Salam untuk teman-teman seumur hidup saya, Giulio, Berto, Pier Paolo; janji untuk bertemu lagi setelah 10 tahun, pada tahun 1977, di sarang mereka di bawah pohon beech besar; Harapan Tino itu “kota ini bisa menjadi titik awal yang baik untuk upaya yang gemilang”; akomodasi di sebuah gedung di Milan dengan penemuan “bahwa istana mirip dengan sebuah negara, di mana setiap orang mengetahui urusan orang lain. […] Bahkan kehidupan anak laki-laki pun serupa” dan kemudian, disorientasi pada hari pertama sekolah. “Sungguh mengintimidasi hanya dengan melihat gedung besar itu. Grey, untuk perubahan." Tawa tertahan dari teman-teman sekelas barunya menyambut ucapan "selamat pagi"-nya.
Natal pertama tiba di kota. “Dia akan memberikan semua jendela toko yang dihias di dunia sebagai imbalan atas pertarungan bola salju di bawah menara lonceng Monno”. Ujian kelas delapan dan pilihan SMA pun tiba. Tino memilih sekolah menengah klasik.“Dia ingin mempelajari masa lalu yang dia rasakan sebagai nostalgia yang aneh dan pedih. Masa lalu yang sempat dia lihat sekilas sebelum aspal dan beton menghapusnya selamanya." Teman-teman sekelas barunya di SMA Beccaria hampir semuanya adalah anak-anak dokter, pengacara, dan guru. Orangtuanya senang bahwa dia telah memilih sekolah yang "serius" untuk Tino: dengan demikian, mungkin, dia akan aman dari pemogokan dan kerusuhan yang mulai terjadi hampir di mana-mana.

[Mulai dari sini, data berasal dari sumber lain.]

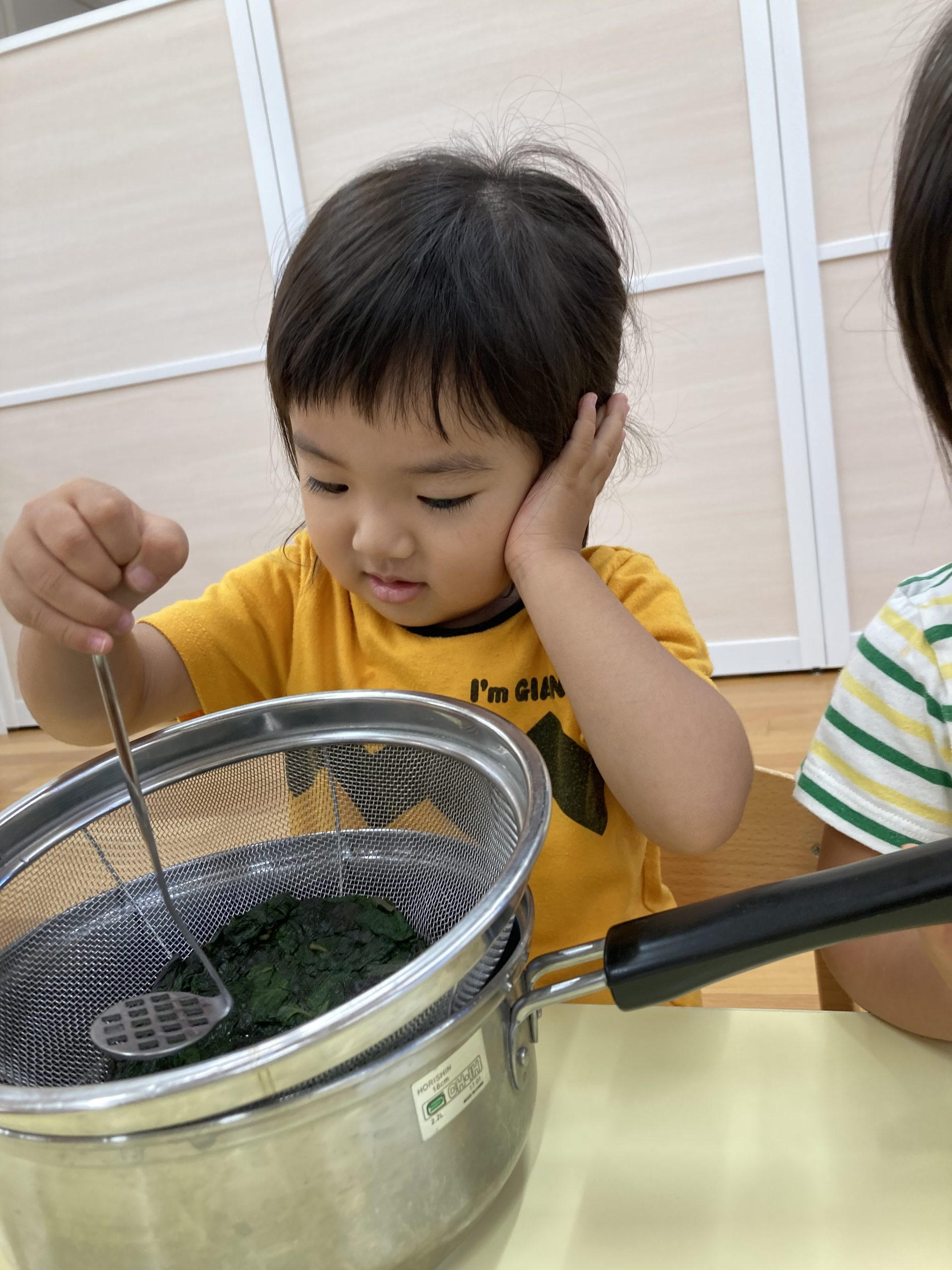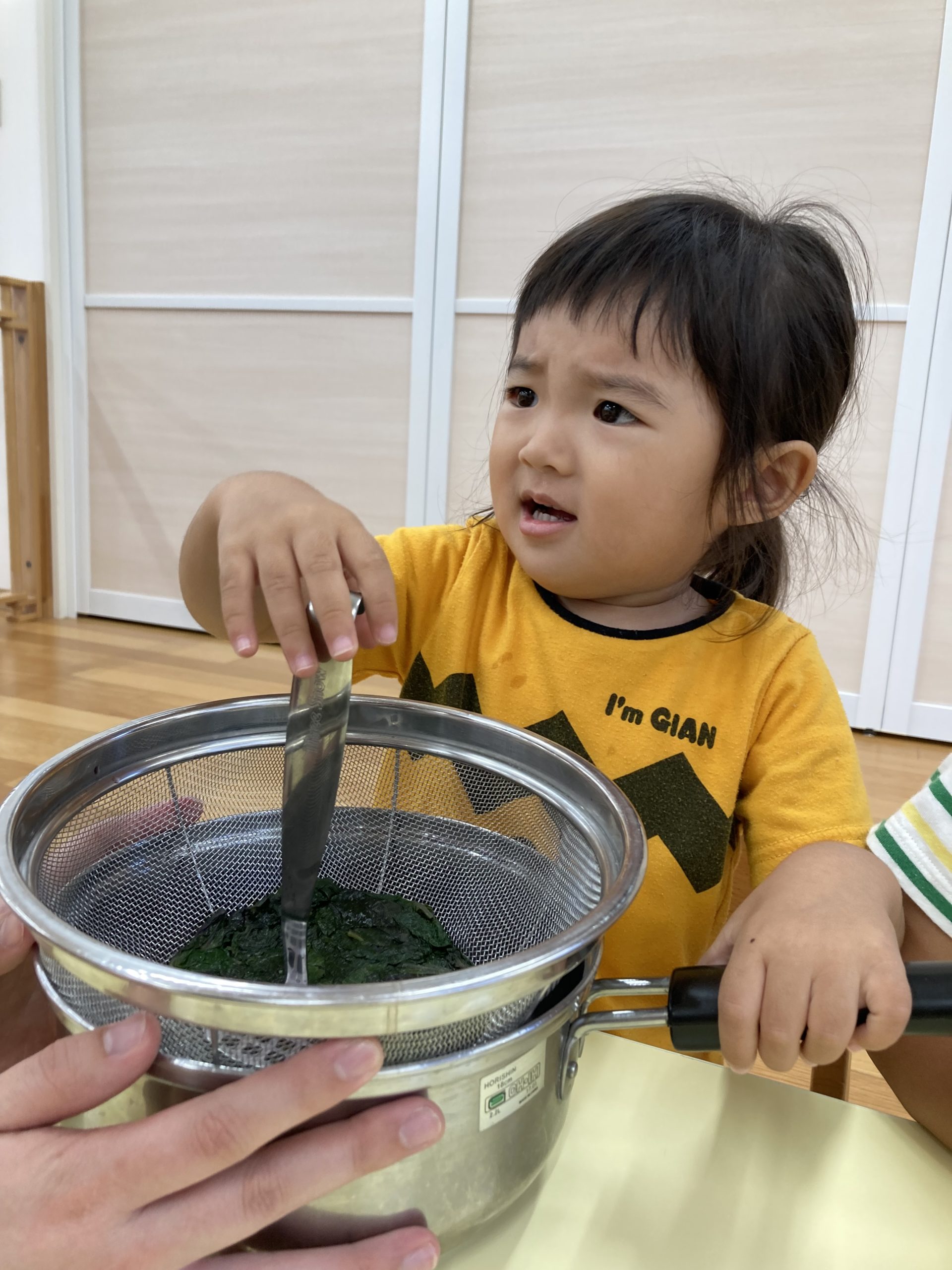 そうこうしている間に、冷めたしそを使ってのジュース作りです。茹でたしその葉をザルにおいて、それをマッシャーでこします。2歳児は8人いて、みんながやりたいので「10回ずつ交換しよう!」と話し、先生が数を数えて10になったら交代です。

Dia mulai mendengar, di sekolah, siswa yang “mereka berbicara tentang perjuangan melawan ketidakadilan, tentang kesetaraan, tentang hak-hak kaum miskin dan lemah, tentang perjuangan kelas”. Salah satu dari mereka, Piero, berusia lima belas tahun, yang mengenakan jaket hijau militer dan berbakat berbicara dengan cemerlang, mewakili semacam pemimpin protes di sekolah. “Mirip dengan Raja Midas, Piero memiliki bakat langka untuk mengubah semua yang dia katakan menjadi emas”. Kemudian Tino mengenal politik dan memasuki usia dewasa, sedangkan masa penyerangan dimulai di Milan. Maka, Tino mendapati dirinya berpartisipasi dalam kolektif dan demonstrasi, bersama dengan “kawan-kawannya”. “Mengatakan “kawan” lebih baik, karena itu berarti kita memiliki cita-cita hidup yang sama. “Teman” adalah istilah borjuis yang lemah.”

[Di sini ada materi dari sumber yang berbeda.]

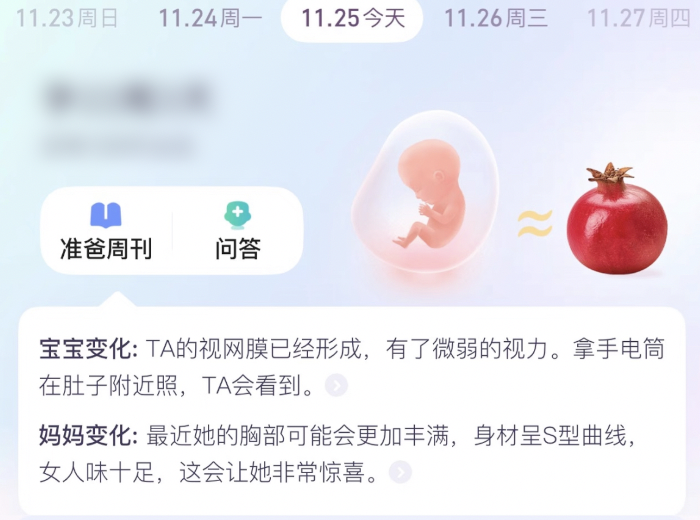 该网友晒出的推送截图显示,11月25日APP推送的“妈妈变化”板块提到,“最近她的胸部可能会更加丰满,身材呈S型曲线,女人味十足,这会让她非常惊喜”。对此,这位宝爸质疑:“特意用这种表述形容孕期妈妈?这个阶段的准妈妈会在意所谓的S曲线吗?”
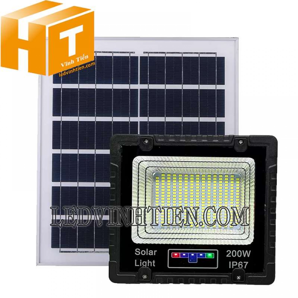 - Đèn pha 200W năng lượng mặt trời có thể điều khiển bằng remote, lớp vỏ nhôm, thường dùng để chiếu sáng công trình, cầu cảng, quảng trường, nhà ga, đường hầm, công viên, khu vui chơi, du lịch, sự kiện ngoài trời,….
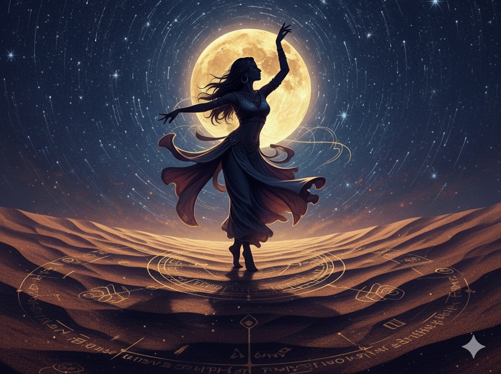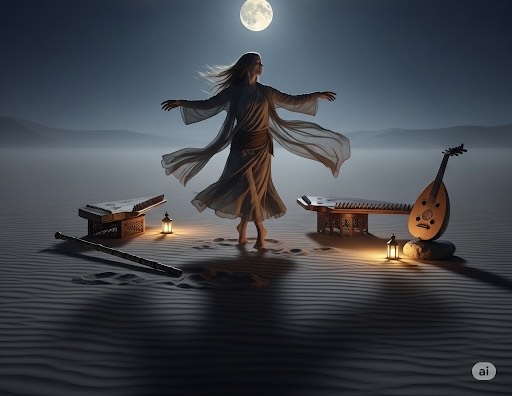 Calm, Hypnotic Ethno-Pop, Female Vokals, Ney flute, Kanun, and Oud melody, The rhythm in the verses is slow and deep, In the chorus, the tempo slightly increases, and the beat becomes more danceable, with a more prominent bassline and complex percussion (tabla and darbuka), The vocal, with echo and reverb, like a whisper in the desert, is complemented by soft backing vocals, In the middle of the song, an emotional, solo string melody appears, The overall relaxing rhythm invites both dancing and meditation

Namun di musim panas, Tino kembali ke Monno untuk bertemu kembali dengan teman-teman lamanya. Era “Mengikis patina emas yang telah menutupi dirinya selama sembilan bulan dan menemukan dirinya kembali”, seolah-olah dia tidak pernah pergi. “Milan adalah negeri yang kompleks, tempat peluang, eksperimen, bahkan mungkin kesalahan: Milan adalah dedaunan tanaman yang terombang-ambing oleh angin. Monno adalah akar tanaman itu, yang tertancap di tanah untuk selamanya." Milan juga piket di depan sekolah, gadis-gadis itu dibebaskan. Namun tidak semuanya. Ada satu, Sara, yang sepertinya menolak total angin inovasi yang bertiup di kota. “Sementara segalanya berputar-putar di sekitar mereka, dengan ide-ide baru, pertarungan, persahabatan, slogan-slogan, dan ketika mereka beralih dari masa pra-remaja ke dewasa muda, hanya Sara yang tetap sama, semakin berbeda dari yang lain”. Mungkin karena alasan inilah Toni terkejut. Baginya, Sara mewakili sebuah misteri yang sedikit demi sedikit ia coba ungkapkan. Sebenarnya gadis ini, “yang pada awalnya tampak begitu mudah untuk dimasukkan ke dalam suatu skema, selalu ada sesuatu yang hilang”.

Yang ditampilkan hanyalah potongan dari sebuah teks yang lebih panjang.